В ожидании какого-нибудь серьезного труда, какой могла дать ей жизнь со временем, по ее уму и силам, она положила не избегать никакого дела, какое представится около нее, как бы оно просто и мелко ни было, — находя, что, под презрением к мелкому, обыденному делу и под мнимым ожиданием или изобретением какого-то нового, еще небывалого труда и дела, кроется у большей части просто лень или неспособность, или, наконец, больное и смешное самолюбие — ставить самих себя выше своего ума и сил.
Она решила, что «дела» изобретать нельзя, что оно само, силою обстоятельств, выдвигается на очередь в данный момент и что таким естественным путем рождающееся дело — только и важно, и нужно.
Следовательно, надо зорко смотреть около, не лежит ли праздно несделанное дело, за которым явится на очередь следующее, по порядку, и не бросаться за каким-нибудь блуждающим огнем, или «миражем», как говорит Райский.

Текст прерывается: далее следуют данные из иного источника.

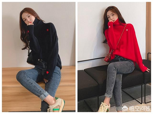 1.高领毛衣搭配青春减龄的牛仔裤,彰显休闲慵懒范。高腰铅笔牛仔裤,更是经典中的经典,修身显瘦秒变大长腿的即视感。对粗腿MM来说,不要随便尝试太显腿形。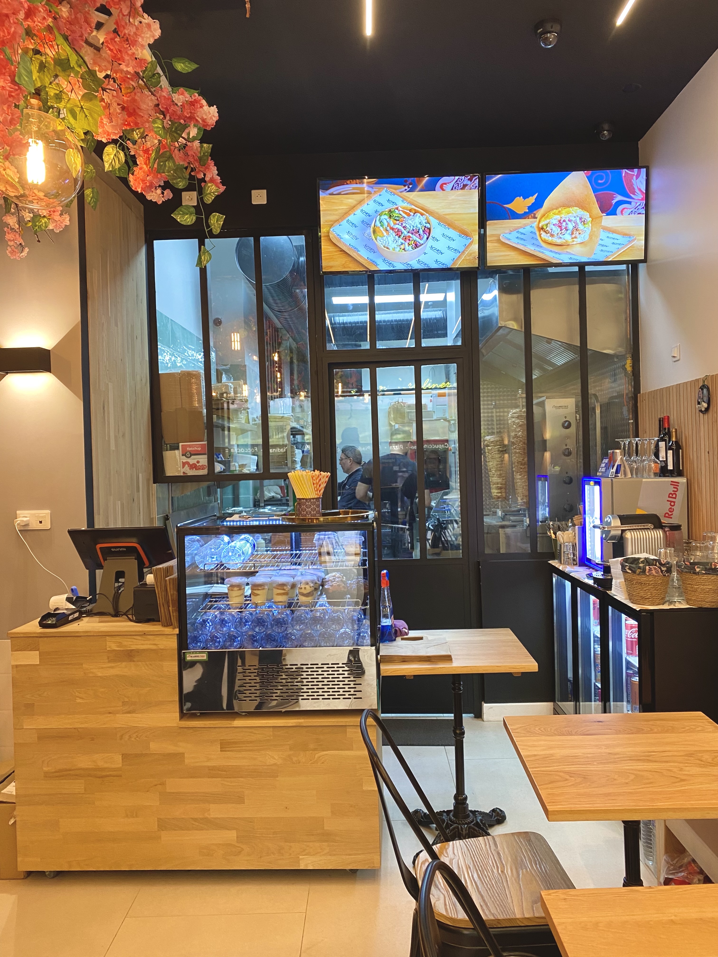 Accueil chaleureux Prise de la commande très rapide service impeccable J'ai beaucoup aimé le durum végétarien je le recommande fortement ce restaurant bravo a la jeune patronne !!!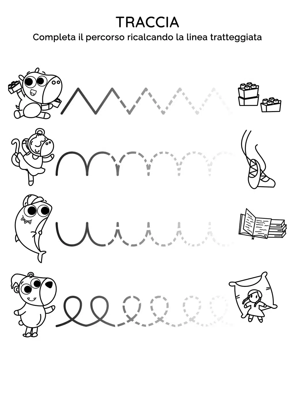 La scheda didattica presenta quattro percorsi con linee tratteggiate. Ogni percorso ha un personaggio all'inizio (un ippopotamo, una scimmia, uno squalo, un orsetto) e un oggetto alla fine (costruzioni, scarpette da danza, libri, un peluche). Il compito del bambino รจ di disegnare la linea tratteggiata per aiutare ogni personaggio a raggiungere il suo oggetto.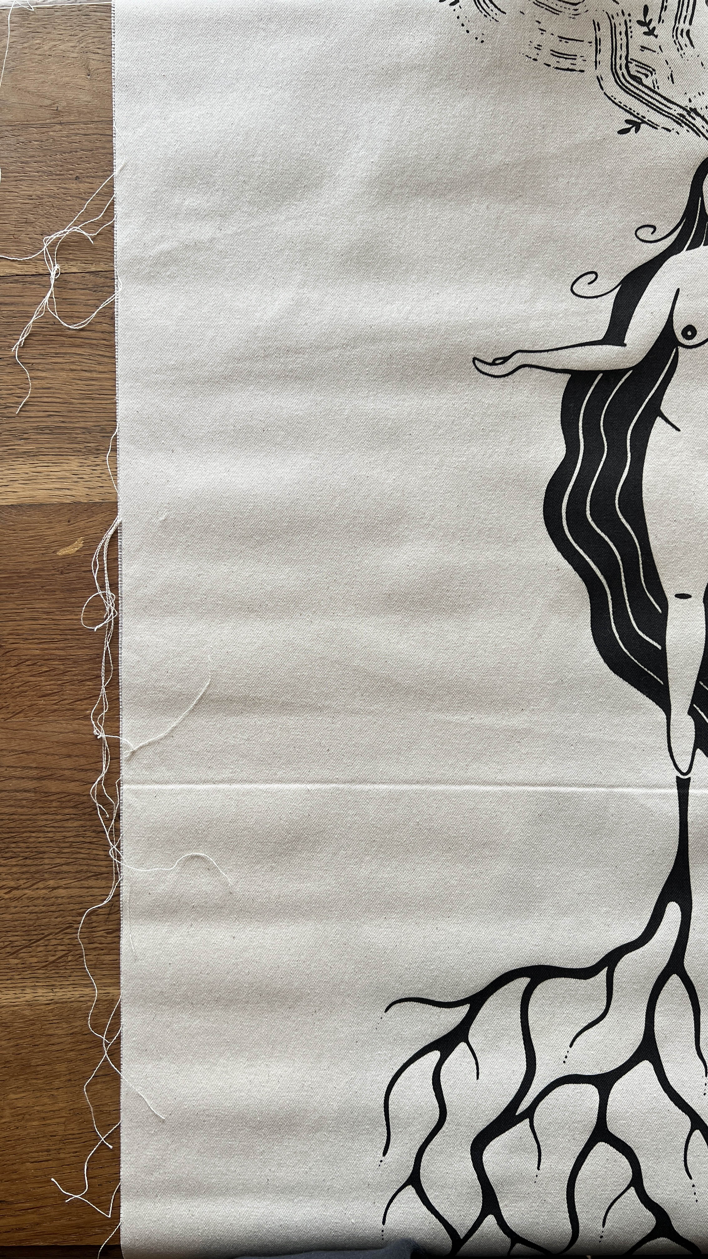 Der Stoff kommt ungebügelt, ungesäumt und ohne Aufhängung zu dir – genau so, wie er aus der Druckerei kommt.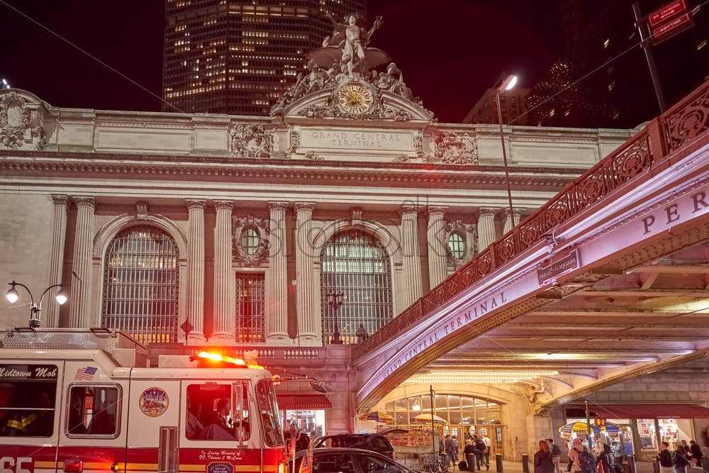 NEW YORK, USA, SEPTEMBER 19: Night shot of the Grand Central Terminal with many busy people and cars on the ground

Не надо пуще всего покладывать рук и коснеть «в блаженном успении», в постоянном «отдыхе», без всякого труда.
Она была бледнее прежнего, в глазах ее было меньше блеска, в движениях меньше живости. Все это могло быть следствием болезни, скоро захваченной горячки; так все и полагали вокруг. При всех она держала себя обыкновенно, шила, порола, толковала со швеями, писала реестры, счеты, исполняла поручения бабушки. И никто ничего не замечал.
— Поправляется барышня, — говорили люди.
Райский замечал также благоприятную перемену в ней и по временам, видя ее задумчивою, улавливая иногда блеснувшие и пропадающие слезы, догадывался, что это были только следы удаляющейся грозы, страсти. Он был доволен, и его собственные волнения умолкали все более и более, по мере того как выживались из памяти все препятствия, раздражавшие страсть, все сомнения, соперничество, ревность.
Вера, по настоянию бабушки (сама Татьяна Марковна не могла), передала Райскому только глухой намек о ее любви, предметом которой был Ватутин, не сказав ни слова о «грехе». Но этим полудоверием вовсе не решилась для Райского загадка — откуда бабушка, в его глазах старая девушка, могла почерпнуть силу, чтоб снести, не с девическою твердостью, мужественно, не только самой — тяжесть «беды», но успокоить и Веру, спасти ее окончательно от нравственной гибели, собственного отчаяния.
А она, очевидно, сделала это. Как она приобрела власть над умом и доверием Веры? Он недоумевал — и только больше удивлялся бабушке, и это удивление выражалось у него невольно.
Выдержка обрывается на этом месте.